2.3. If the entitled subject wishes to acquire the share options appointed thereto, he or she shall enter into a written option agreement with Skano Group AS no later than on 31.03.2015. If the entitled subject does not enter into the option agreement within the specified term, he or she loses the right to acquire the share options appointed thereto.

2.4. Application of the conditions of the share option program and the procedure for the sale of share options shall be provided for in the option agreement entered into between Skano Group AS and the entitled subject. The representative of Skano Group AS upon signing the option agreement shall be the member of the supervisory board Joakim Johan Helenius.

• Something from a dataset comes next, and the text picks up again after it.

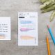**具透明感的便利贴。利用材质特点,在重复堆叠黏贴时,可营造出水彩渲染、手绘之效果,书写之余也能美化手帐。**

2.5. The entitled subject of a share option shall be entitled to use the issued option starting from the thirty-seventh calendar month after issue of the option. The entitled subject shall lose the right to use the share option if he or she leaves form the management board of Skano Group AS upon own initiative prior to the thirty-seventh calendar month after the issue of the option or if his or her board member contract is terminated upon the initiative of the supervisory board within 12 months after the issue of the option. The entitled subject shall have the right to use the share option to the extent of 1/3 if his or her board member contract is terminated within 13-24 months after the issue of the option and to the extent of 2/3 if his or her board member contract is terminated within 25-36 months after the issue of the option.

2.6. The entitled subject of a share option shall not have the right to transfer the share options issued thereto.

2.7. Up to 450 000 (four hundred and fifty thousand) shares of Skano Group AS shall be emitted to fulfil the conditions of the share option. The new emitted shares shall grant the shareholder the right to receive dividends in the financial year that the shares were emitted.

2.8. The strike price of one share option is 1.10 EUR (one euro and ten cents).

2.9. The final term of the share program is 31.12.2018. The specific schedule of the share program and the procedure for sale shall be determined by the supervisory board.

2.10. The pre-emptive right of shareholders to note new shares emitted to fulfil the conditions of the share option shall be precluded.